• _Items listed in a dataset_
+++++
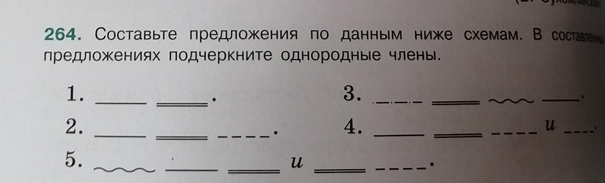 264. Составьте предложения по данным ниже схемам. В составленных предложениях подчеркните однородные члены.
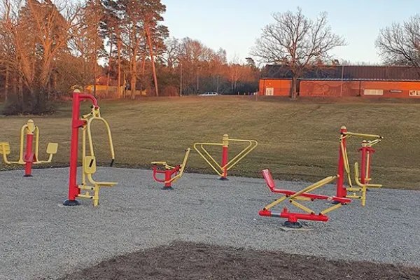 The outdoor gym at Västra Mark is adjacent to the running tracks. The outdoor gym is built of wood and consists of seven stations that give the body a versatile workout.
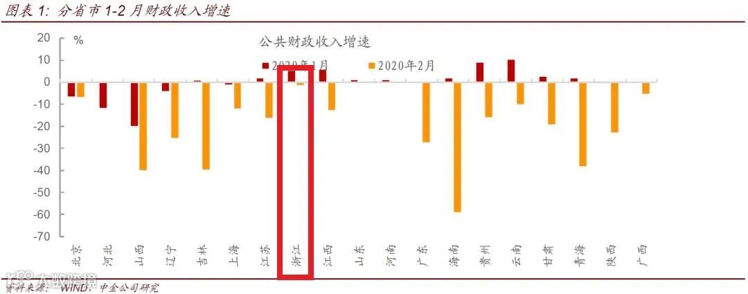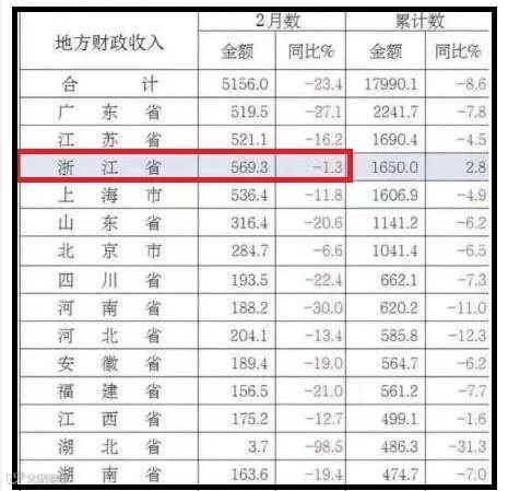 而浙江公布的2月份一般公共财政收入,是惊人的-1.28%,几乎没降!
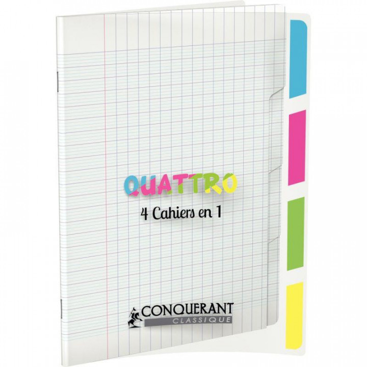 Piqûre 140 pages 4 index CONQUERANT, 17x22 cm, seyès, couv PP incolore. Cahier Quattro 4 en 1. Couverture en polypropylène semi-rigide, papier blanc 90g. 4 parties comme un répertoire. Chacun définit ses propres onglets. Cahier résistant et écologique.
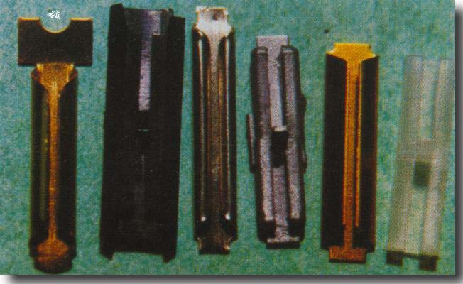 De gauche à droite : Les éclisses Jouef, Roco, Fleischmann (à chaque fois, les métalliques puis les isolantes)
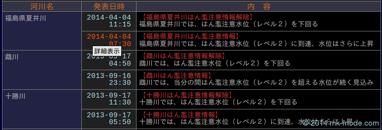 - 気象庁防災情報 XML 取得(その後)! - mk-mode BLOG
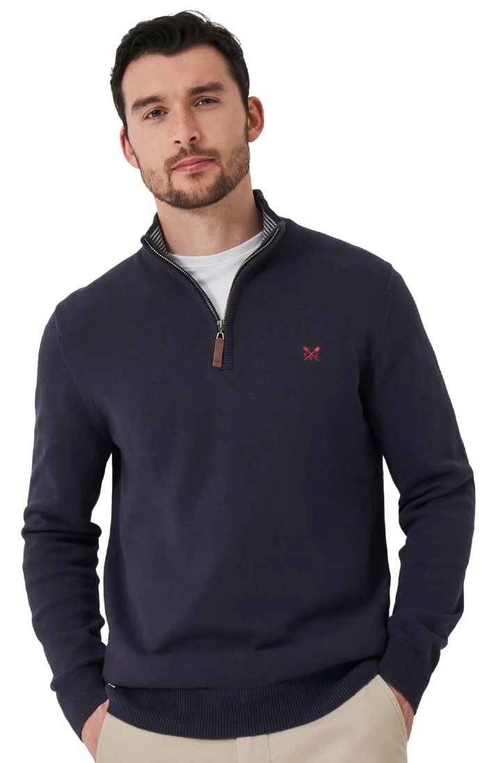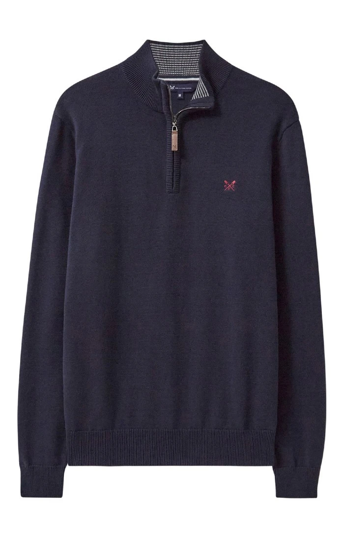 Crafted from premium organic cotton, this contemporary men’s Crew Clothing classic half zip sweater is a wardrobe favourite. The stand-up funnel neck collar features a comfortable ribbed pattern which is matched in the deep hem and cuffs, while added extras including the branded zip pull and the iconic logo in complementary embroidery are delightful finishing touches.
+++++
• _Problem to solve_
Transcribe the entries above exactly, from their first line through the line with "Piqûre 140 pages", and omit all pictures.

• _The answer_
 264. Составьте предложения по данным ниже схемам. В составленных предложениях подчеркните однородные члены.
 The outdoor gym at Västra Mark is adjacent to the running tracks. The outdoor gym is built of wood and consists of seven stations that give the body a versatile workout.
 而浙江公布的2月份一般公共财政收入,是惊人的-1.28%,几乎没降!
 Piqûre 140 pages 4 index CONQUERANT, 17x22 cm, seyès, couv PP incolore. Cahier Quattro 4 en 1. Couverture en polypropylène semi-rigide, papier blanc 90g. 4 parties comme un répertoire. Chacun définit ses propres onglets. Cahier résistant et écologique.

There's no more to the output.